Makana Stone, looking to put the rock in the bucket. (John Fisken photo)

The greatest scorer in CHS girls' basketball history, Brianne King.

The greatest scorer in CHS girls’ basketball history, Brianne King.

The history of CHS girls' basketball lives on in these books. If anyone sees a copy in the CHS library, let me know. (Greg Oldham photo)

History lives in these books. (Greg Oldham photo)

Makana Stone is gunnin’ for the legends.

As the Coupeville High School girls’ basketball squad prepares for the district playoffs, the Wolf junior is enjoying one of the best scoring seasons in recent memory.

But, since CHS is notoriously spotty in keeping track of its sports history — outside of the snazzy wall of track records — one wonders where she stands.

While anything before the 1990’s resides in a giant black hole at this point, we were able, with the help of former Wolf coaches Willie Smith and Greg Oldham, to track down most of the “golden era” (late ’90s to mid-2000’s) of Coupeville girls’ basketball.

And, what that shows is Stone (with 331 points in 20 games) has currently put together the 7th best scoring mark in the last two decades.

With her average sitting at 16.6 a game — third-best by a Wolf player in that time period — she could make a serious run up the chart if Coupeville stays alive in the playoffs for any duration.

The Wolves (15-5) are guaranteed two games at districts, and could pick up a third.

Win two and they advance to regionals with the dream of being the first CHS hoops squad to return to state since 2005-2006.

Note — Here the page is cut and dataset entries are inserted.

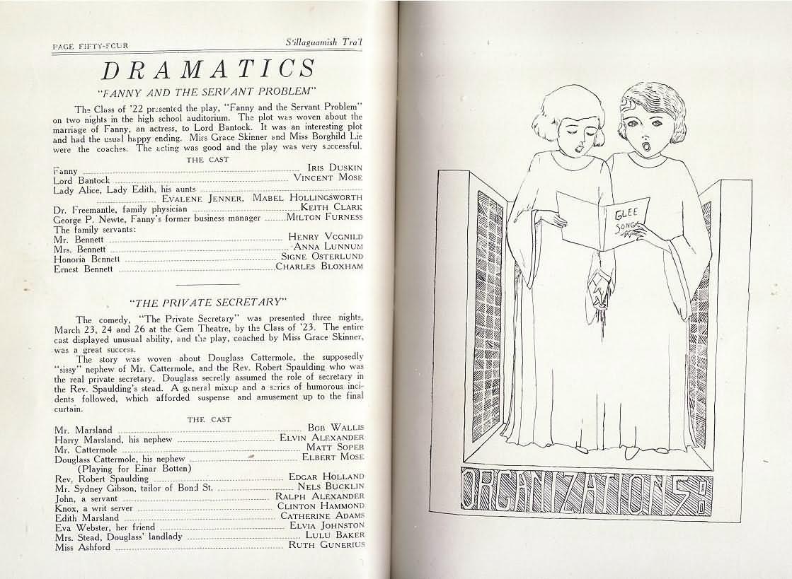 | | Pages 42 and 43 Robert Forbes, Wallace Gregory, Blanch Holton, Nina Husby, Gerald Hoseason, Robert Johnstone, Duncan Jacobson, Antonia Kratz, Victoria Larson, Rose Morrell, Lief Ness, Oliver Nysether, Bernard Nysether, Clarence Roose, Nora Reese, Lyle Shaffer, Lenore Schoenheit, Marguerite Van Dyke, Ardis Van Allen, Roy Snoddy, Everett York, Iris Duskin, Ed. Montroy, Ivy Furness, Allen DeSoucy, Eva Krauskoff, Harold Underwood, Katherine Gray, Helen Johnson, Charles Bloxham, Mabel Hollingsworth, Milton Furness, Howard Caswell, Mabel Nysether, Henry Vognild, Pearl Kyle, Harold Ottem, Emily Kronholm, Wesley Forbes, Myrtle Rod, Vincent Mose, Glenna Wishart, Keith Clark, Beulah Griep, Signe Osterlund, Evalene Jenner, Audree Grant, Anna Lunnum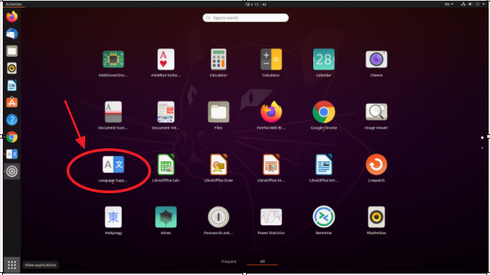 1. Show Applications (Super (Window key) + A ) 후 Language support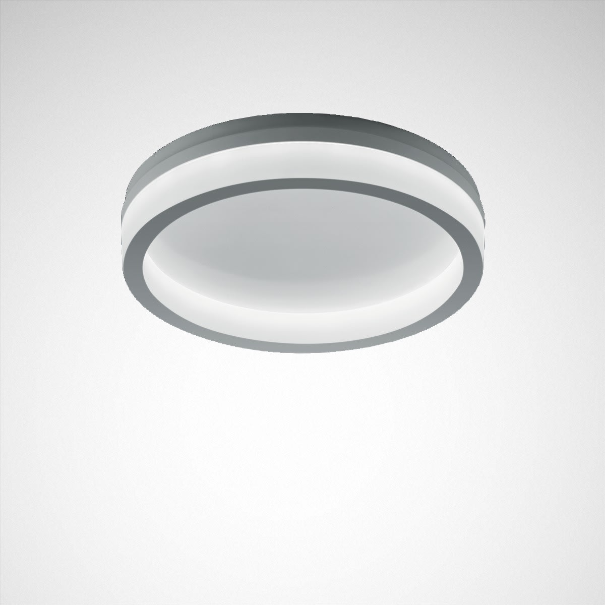 Applique murale et plafonnier LED exclusif avec un élément lumineux de forme circulaire. À répartition des intensités lumineuses principalement de type direct-indirect. PMMA-Vasque circulaire à contours plans marqués et surface finement structurée. Avec une répartition lambertienne des intensités lumineuses. Des boîtiers d'encastrement optionnels deviennent en tant que réflecteurs secondaires supplémentaires tout autour une partie photométriquement efficace des luminaires. Flux lumineux du luminaire et couleur de la lumière fixes. Flux lumineux du luminaire 2700 lm, puissance raccordée 27 W, rendement lumineux maximale du luminaire 100 lm/W. Teinte de lumière blanc chaud, température de couleur (CCT) 3000 K, indice général de rendu des couleurs (IRC) Ra > 80. Tolérance de localisation chromatique (initialement MacAdam) ≤ 3 SDCM. Durée de vie assignée moyenne L80 (tq 25 °C) = 70.000 h. La source lumineuse est remplaçable conformément aux exigences d'écoconception (Règlement (UE) 2019/2020). Corps de luminaire en tôle d’acier. Surface à revêtement blanc (similaire à RAL 9016). Diamètre du luminaire Ø 403 mm, hauteur du luminaire 68 mm. Classe électrique (EN 61140) : I, indice de protection (norme EN 60529) : IP40, degré de résistance aux chocs selon la norme CEI 62262 : IK05, température d’essai au fil incandescent selon la norme CEI 60695-2-11 : 650 °C. Température ambiante admissible (ta): -20 °C à 25 °C. Poids: 3.2 kg. Avec driver, dimmable (DALI). Appareillage conf. au standard DALI 2 (EN 62386). Possibilité de commutation et de gradation du luminaire au moyen de la fonction bouton-poussoir via les bornes de commande DALI (TouchDim). L'appareillage est remplaçable conformément aux exigences d'écoconception (Règlement (UE) 2019/2020). Ce luminaire qui est prêt au monitoring (MOR) fournit des données d’exploitation permettant une surveillance ou une maintenance prédictive, il est donc compatible avec les services de TRILUX Monitoring Services. Le produit répond aux exigences essentielles des directives européennes applicables et de la loi sur la sécurité des produits et porte le marquage CE. Le luminaire est en outre certifié ENEC par un organisme de contrôle indépendant.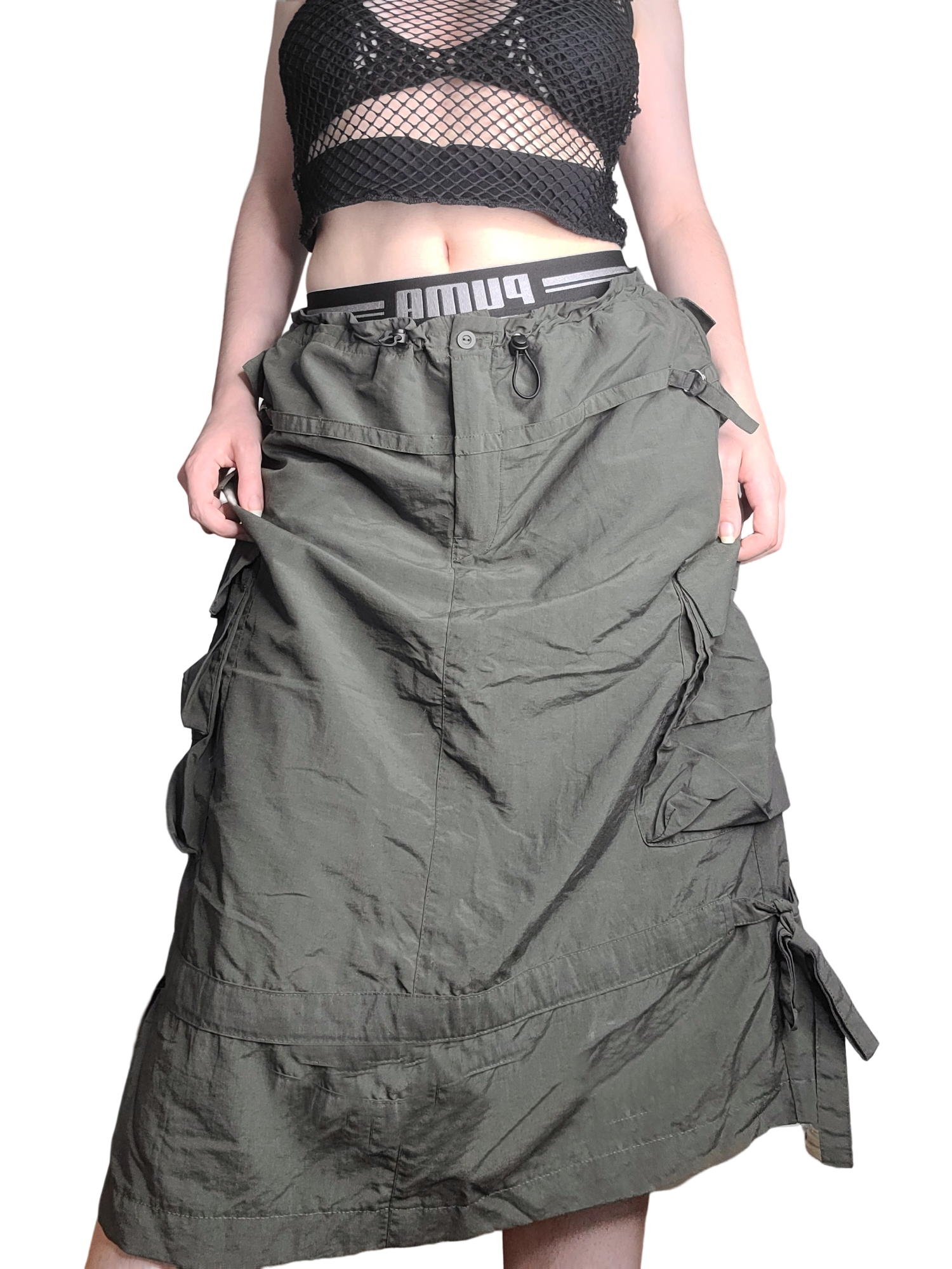 Belle jupe parachute cargo kaki gorpcore. Cordons de serrage à la taille et au bas de la jupe, élément techwear à la taille, multipoches. Doublure filet.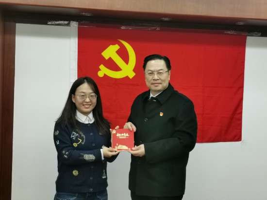 会上,支部还为黄卫卫同志庆祝了政治生日,程学源向黄卫卫颁发了政治生日贺卡,并集体重温了入党誓词。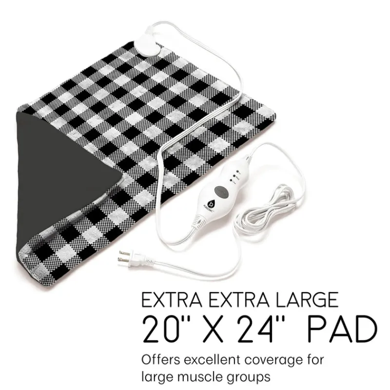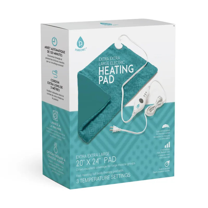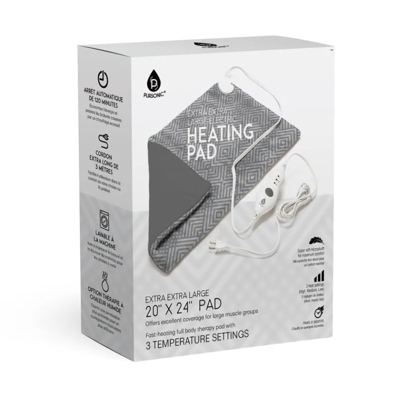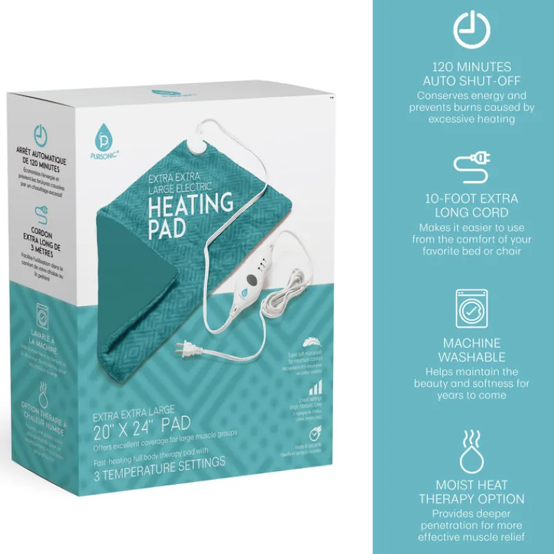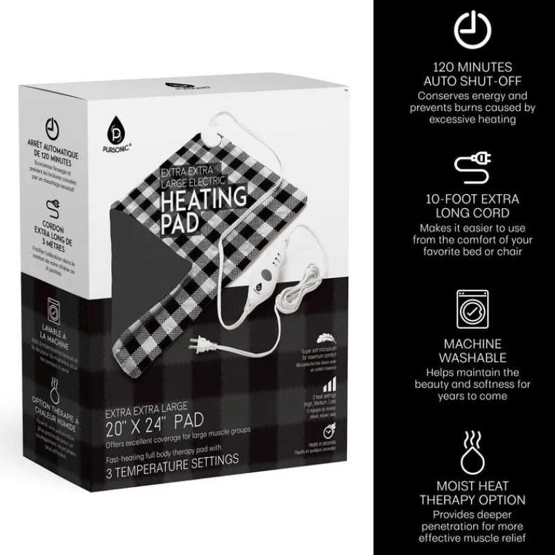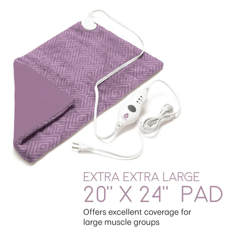 Features extra Extra large size, 3 heat settings/moisture/dry options & soft micro plush fibers for comfort. Machine washable. Provides effective relief from sore muscles, cramps & back pain.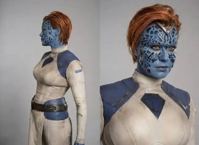 Diferente de suas aparições anteriores, a mutante não está mais nua. Ela aparece com seu cabelo ruivo e a pele azul marcante, honrando a estética clássica da personagem. Mística também usa um traje branco de gola alta com detalhes azuis.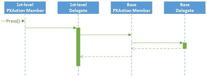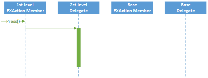 PXAction<>, you prevent the action delegate execution from an infinite loop. Consider the following example of a first-level BLC extension.public class BaseBLCExt : PXGraphExtension<BaseBLC> { public PXAction<DAC> ValidateObjects; [PXButton] [PXUIField(DisplayName = "Validate All Objects")] protected void validateObjects() { Base.ValidateObjects.Press(); } }The Actions collection of a BLC instance contains the ValidateObjects action, which consists of the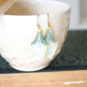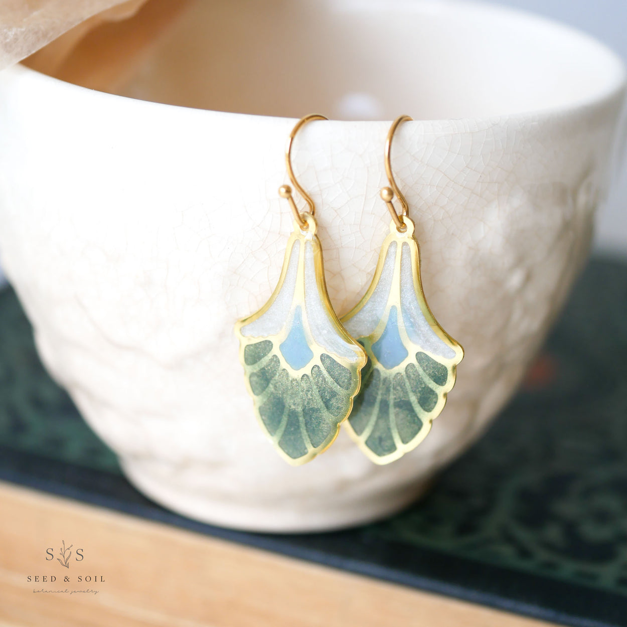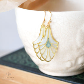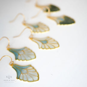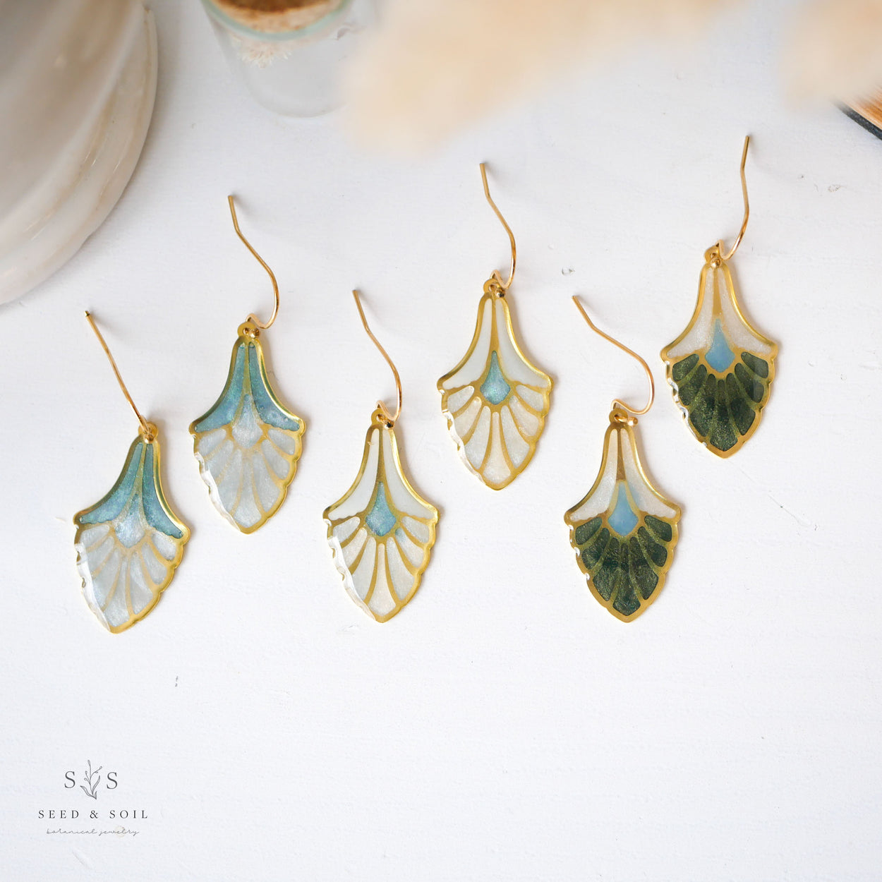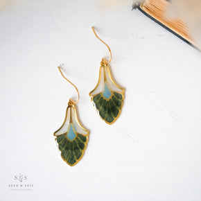A solid brass frame ornately finished with a variety of carefully placed bits of colored resin - making this collection reminiscent of stained glass. Like wearing tiny pieces of art! Frame dangles from a gold plated hypoallergenic ear hook. Each is made by hand and one of a kind!
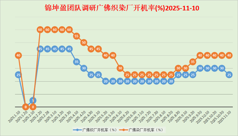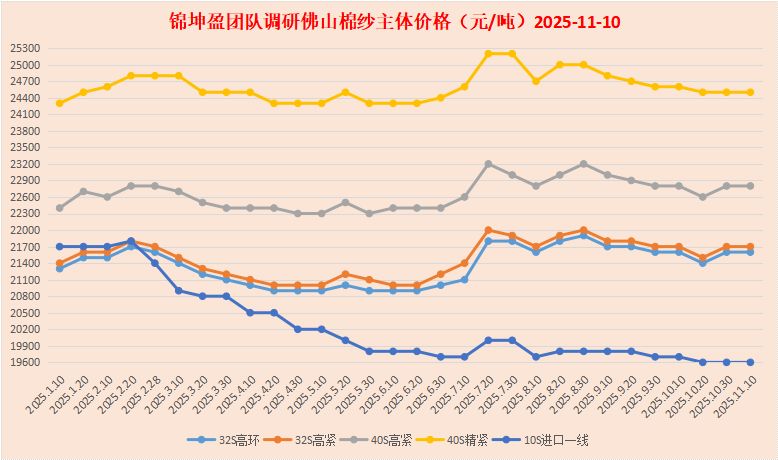 10、纺纱厂:新疆纺纱厂电力成本优势,以及各种补贴政策,稍有盈利,开机率相对稳定,并且维持产能扩张。大部分内地纺纱厂连续亏本经营,开机率下降较快。整体纺纱厂对后市信心不足,原料随买随用,刚需采购。 11、出口:中美经贸磋商重要成果落地。自2025年11月10日起,进口美棉加征关税税率将由现阶段的25%下降至10%。同时,中国纺织品服装对美出口综合加征关税税率降至约27.5%-45%(含10%芬太尼关税、10%对等关税及7.5%–25%的301关税),所有关税均降至今年3月份水平,外贸出口环境将进一步改善。 12、国内需求:国家、地方政府出台众多利好政策,拉动内需消费,纺织板块效应显现相对有限。 13、棉纱价格:棉纱现货价格基本维持前期不变,纺纱厂价格有量可议。当前佛山市场现金含税主流报价,国产牌子货纯棉32支高配环纺21500~21600元/吨,纯棉32支高配紧密21600~21700元/吨,纯棉40支高配紧密22700~22800元/吨,纯棉40支精梳紧密24400~24500元/吨,进口一线纯棉10支赛络散货19600元/吨,整柜优惠100元/吨。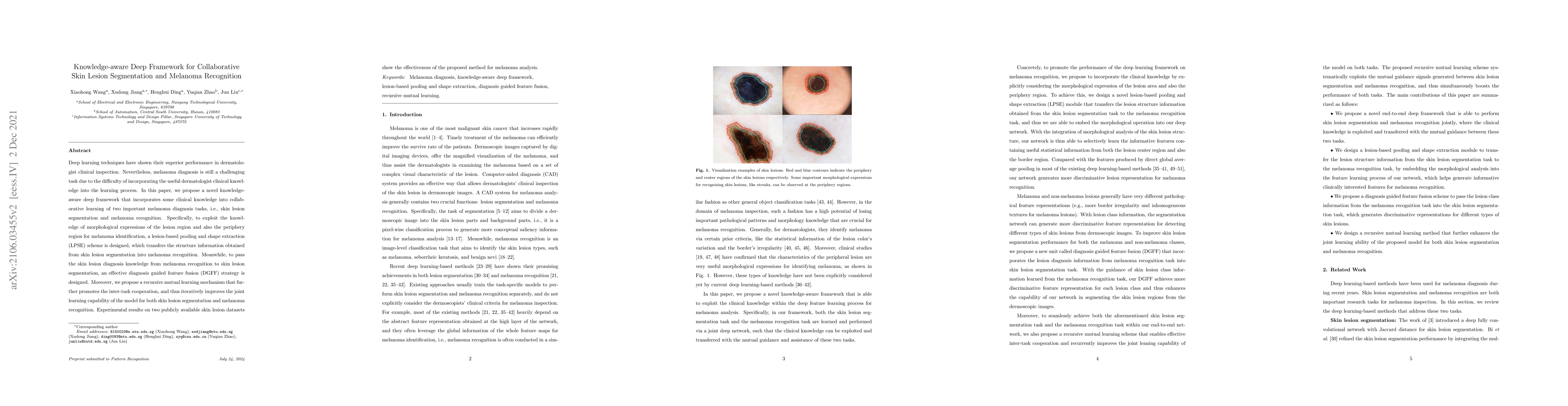 This paper introduces a knowledge-aware deep framework that integrates dermatologist clinical knowledge to enhance collaborative learning for skin lesion segmentation and melanoma recognition. The proposed framework includes a lesion-based pooling and shape extraction scheme and a diagnosis-guided feature fusion strategy to improve inter-task cooperation and iteratively refine the model's performance.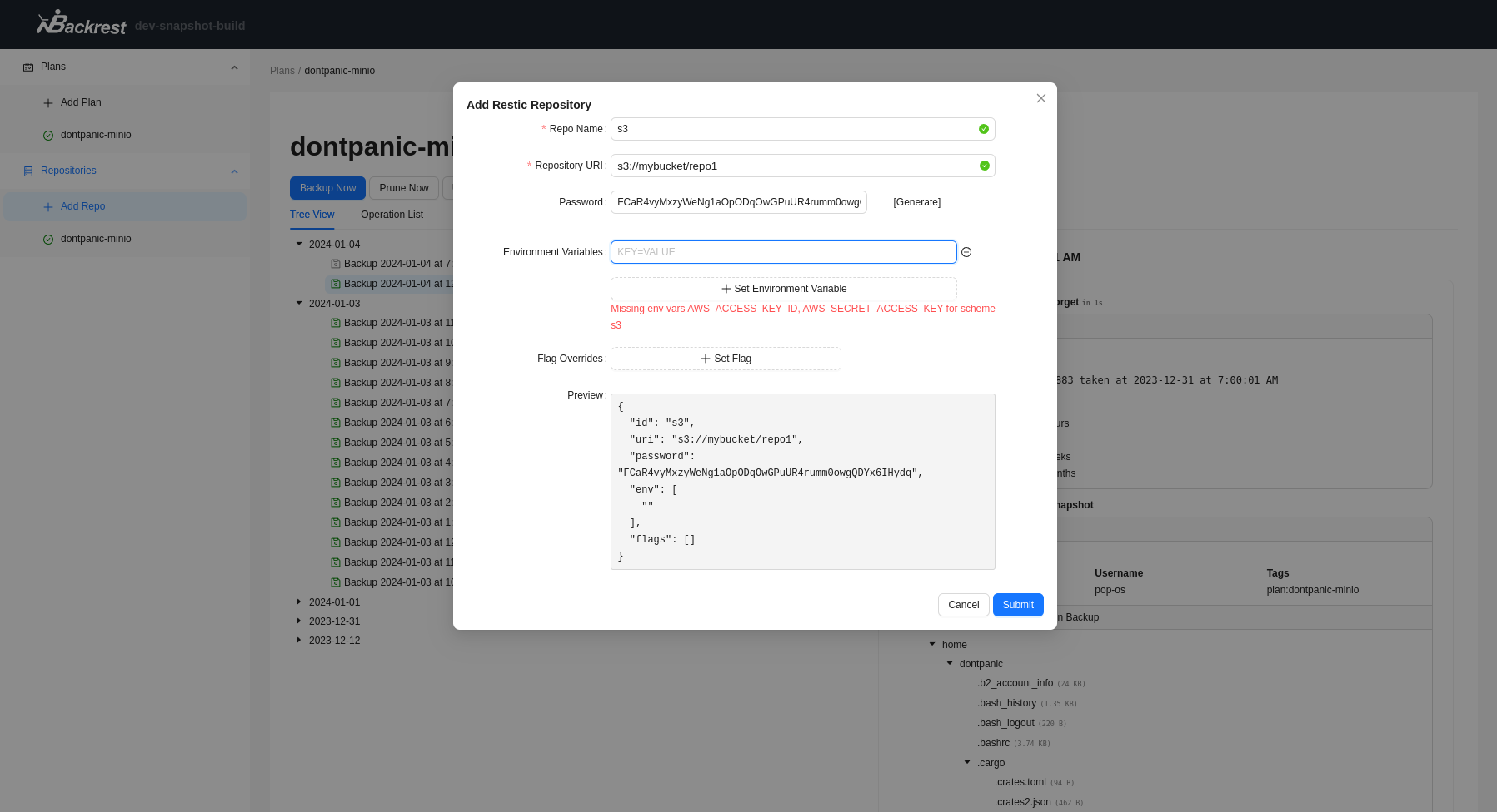Backrest is a web-accessible backup solution built on top of restic and providing a WebUI which wraps the restic CLI and makes it easy to create repos, browse snapshots, and restore files. Additionally, Backrest can run in the background and take an opinionated approach to scheduling snapshots and orchestrating repo health operations.

The honor roll of Wolf scorers as we know it (and, as soon as this hits print, maybe we’ll hear from someone who has score-books from the glory days of Marlene Grasser that’ll blow these away):

1) Brianne King (2000-2001) 446 points/24 games/18.6 avg

2) King (2002-2003) 442/28/15.8

3) King (2001-2002) 386/28/13.8

4) Zenovia Barron (1996-1997) 378/23/16.4

5) Barron (1997-1998) 376/22/17.1

6) Ann Pettit (1997-1998) 363/25/14.5

7) Makana Stone (2014-2015) 331/20/16.6 avg

Also of note: Lexie Black had 295 in 26 games in 2004-2005.

Plus, King tossed in 275 during her freshman year of 1999-2000, giving her 1,549 points during her splendid career.

We’re 99.2% sure that’s a school record.